Alston XII 709.
Rare. ESTC records BL, Bodley and St Andrews [this is not in the online catalogue and may be a confusion with Aberdeen] only in the U.K.; Indiana State (in the Cordell Dictionary collection) only in the USA. WorldCat adds a copy at Aberdeen University. Allston adds four copies in European libraries (including the Bibliotheque Nationale).
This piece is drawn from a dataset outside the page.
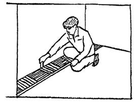 4.1. Работы по укладке паркетных мозаичных досок выполняют в следующем порядке: первую доску укладывают по шнуру на расстоянии 10 - 15 мм от стены, в торец к первой доске укладывают вторую доску, предварительно промазав торец дисперсией ПВА и т.д. вдоль всей стены; в зазор между досками и стенами устанавливают деревянные клинья на расстоянии 50 - 60 см друг от друга. Укладка второго и следующих рядов производится с плотной подгонкой друг к другу, следя за тем, чтобы гребень последующей доски целиком зашел в паз предыдущей. На продольный гребень перед введением его в паз наносят точечно через 40 - 50 см дисперсию ПВА. Излишки дисперсии выступившей на лицевое покрытие должны быть немедленно удалены влажным тампоном. Стыковку торцов паркетных досок допускается производить только соединением «гребня в паз». Последний ряд досок должен быть подогнан по размерам и надежно поджат к предыдущему с использованием клиньев. Клинья располагают в той части доски, где лицевое покрытие расположено поперек длины доски. На каждую доску полной длины следует устанавливать не менее 4-х клиньев.
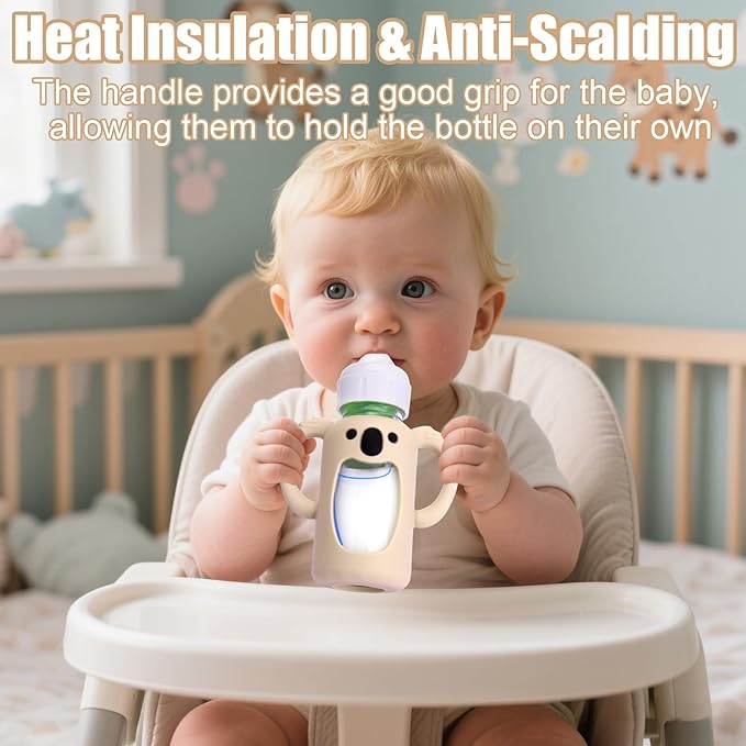 • Thermal Insulation & Maintain Liquid Temperature:Silicone bottle protectors have good heat insulation properties, which can effectively prevent the hot water in the bottle from scalding the baby's little hands or skin. Even when the bottle is filled with high temperature liquid, the sleeve can keep the external temperature moderate, convenient for parents and babies to use safely

Thomas Nugent’s (c.1700-1772) New Pocket Dictionary - “for the use of Schools and private Gentlemen” - was published by Charles and Edward Dilly on Thursday 13th August 1767 prices at 3s “bound and clasped” (see the advertisement in the London Evening Post). Nugent explains the advantage of this compact dictionary in his preface: “by the smallness of its size the following repository of words is become portable to Learners of both Languages [English and French], by which means they can have an easier recourse to it, so often as anything occurs in conversation or reading, with which they are unacquainted. The smallness of the size renders it also of easy purchase, and proper on that accounts in Schools, where Dictionaries of large bulk an expense are become a burden” (A2r). On the composition of the dictionary he notes that, “recourse has been had to the best Dictionaries, French and English, particularly to that of the Royal Academy, which is justly looked upon as the Standard of the French tongue; yet we have take the liberty to insert a few words not adopted by that learned body, where the particular energy of force of expression, seemed to justify the use (A2v). Nugent’s dictionary was repeatedly re-printed into the 20th-century (Alston records a fiftieth edition in 1882 and a London edition of 1990).
All of the early editions are scarce. The first edition is also the only edition which is the sole product of Thomas Nugent – the following 1770 Dublin edition is “corrected and greatly improved by John Astruc” and most of the subsequent editions are edited by J. S. Charrier, French Master to the Royal Academy Portsmouth, who added a supplement of naval and military terms.
This copy is particularly interesting as the English/French volume appears to be in the “clasped” binding which is mentioned in the London Evening Post advertisement; the other volume though has never had a clasp. We know from the manuscript titles on the upper covers that the set is not mixed so it is curious why they are not uniformly bound.